Aim of the exercise:
Although the data below holds other lines too, output only those from the line with "Anger Foot punta" up to and including the line with "hazelnut base with", exactly as they appear.

Excerpted records:

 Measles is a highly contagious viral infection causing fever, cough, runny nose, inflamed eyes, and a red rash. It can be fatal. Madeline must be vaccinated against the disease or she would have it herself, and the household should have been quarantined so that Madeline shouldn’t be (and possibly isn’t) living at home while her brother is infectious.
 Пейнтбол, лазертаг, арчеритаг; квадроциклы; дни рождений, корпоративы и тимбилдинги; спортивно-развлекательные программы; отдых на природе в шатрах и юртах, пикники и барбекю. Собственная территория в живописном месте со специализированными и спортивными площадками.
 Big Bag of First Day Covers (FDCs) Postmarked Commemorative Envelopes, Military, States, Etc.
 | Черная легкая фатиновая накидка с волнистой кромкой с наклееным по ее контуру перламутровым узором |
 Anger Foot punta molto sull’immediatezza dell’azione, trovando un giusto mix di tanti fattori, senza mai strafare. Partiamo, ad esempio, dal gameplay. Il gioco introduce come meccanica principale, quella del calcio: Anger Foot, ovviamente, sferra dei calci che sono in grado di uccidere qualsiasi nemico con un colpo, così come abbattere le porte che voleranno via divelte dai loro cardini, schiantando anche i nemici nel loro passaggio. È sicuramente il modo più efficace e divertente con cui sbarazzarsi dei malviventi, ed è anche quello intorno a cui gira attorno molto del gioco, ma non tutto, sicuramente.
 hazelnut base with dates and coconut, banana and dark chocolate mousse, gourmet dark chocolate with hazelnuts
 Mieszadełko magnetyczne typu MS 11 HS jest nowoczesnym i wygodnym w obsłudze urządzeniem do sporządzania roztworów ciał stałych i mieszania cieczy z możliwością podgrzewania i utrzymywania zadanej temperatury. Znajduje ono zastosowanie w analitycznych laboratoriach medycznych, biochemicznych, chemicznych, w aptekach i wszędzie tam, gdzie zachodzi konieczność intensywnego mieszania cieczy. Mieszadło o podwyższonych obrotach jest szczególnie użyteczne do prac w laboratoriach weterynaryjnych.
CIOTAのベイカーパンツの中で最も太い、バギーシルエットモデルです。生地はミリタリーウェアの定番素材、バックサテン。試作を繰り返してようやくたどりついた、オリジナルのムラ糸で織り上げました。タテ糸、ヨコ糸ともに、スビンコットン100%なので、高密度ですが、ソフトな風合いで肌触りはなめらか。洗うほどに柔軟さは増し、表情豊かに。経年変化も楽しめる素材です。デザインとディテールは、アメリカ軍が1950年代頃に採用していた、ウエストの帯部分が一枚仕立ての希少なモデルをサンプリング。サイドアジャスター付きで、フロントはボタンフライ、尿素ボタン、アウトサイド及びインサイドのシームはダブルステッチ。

Response to the exercise:
 Anger Foot punta molto sull’immediatezza dell’azione, trovando un giusto mix di tanti fattori, senza mai strafare. Partiamo, ad esempio, dal gameplay. Il gioco introduce come meccanica principale, quella del calcio: Anger Foot, ovviamente, sferra dei calci che sono in grado di uccidere qualsiasi nemico con un colpo, così come abbattere le porte che voleranno via divelte dai loro cardini, schiantando anche i nemici nel loro passaggio. È sicuramente il modo più efficace e divertente con cui sbarazzarsi dei malviventi, ed è anche quello intorno a cui gira attorno molto del gioco, ma non tutto, sicuramente.
 hazelnut base with dates and coconut, banana and dark chocolate mousse, gourmet dark chocolate with hazelnuts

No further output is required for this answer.